ベトナムの稲作とあすけ春夢
(平成18年2月3日号掲載)
 少し前になるが、国連の招きでベトナムの首都ハノイ近郊の紅河デルタを訪ねた。工業開発援助に辟易した国連職員発案によるベトナム版足助屋敷構想の手伝いだった。
 ここも稲作は二期作で、手鎌による稲刈、脱穀の最中だった。湿田を引く舟中にたたきつけては脱穀していた。作人の頭上に稲田から追われた小昆虫や、脱穀粒をねらう小鳥や、トンボが群舞し、見事な光景だった。
 さらに足跡のくぼ地の水たまりに集まった小魚を電気ショックでとる少年、稲刈の終わりを待って落ち穂拾いをアヒル群にさせる人、全く無駄のないエコな稲作に感嘆した。この情景にその昔の足助の稲作を重ねみ
て、道を横切るアヒル群の通りすぎるのを車を停め待った。
 いま薪ストーブの吸入音の静かさの中で、ベトナム訪問の追憶にふけっている。ボイジャー1号から地球をみた飛行士は「地球は淡く、青い点」といった。その宇宙船地球号の未来に向けてのターゲットは、人だけでなく美しい花々や木々、鳥、獣、魚、小さな虫まで共存して住む星づくりにあると言う。

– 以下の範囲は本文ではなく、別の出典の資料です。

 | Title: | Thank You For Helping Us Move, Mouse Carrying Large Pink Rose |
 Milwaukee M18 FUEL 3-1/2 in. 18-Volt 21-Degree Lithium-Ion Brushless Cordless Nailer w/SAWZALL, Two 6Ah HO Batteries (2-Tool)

 ベトナムのあの風情はいまどう変わっているか。日本も変わるだろうが、日々の小さな行動の中に、愛知万博の「自然との共生」を心がけたいものだ。アメリカや欧州でも金こそ全ての価値観から脱し、平原の農村でない山村の農的ロハスな暮らしを求める若者像があるという。 ハイテク都会には心をときめかす驚きも楽しさもない。旅や絵画や音楽、スポーツ以上に、手と足、頭を使い、自分なりに体をうごかす生産即食の、農の芸術をセカンドライフとしたい立春の候である。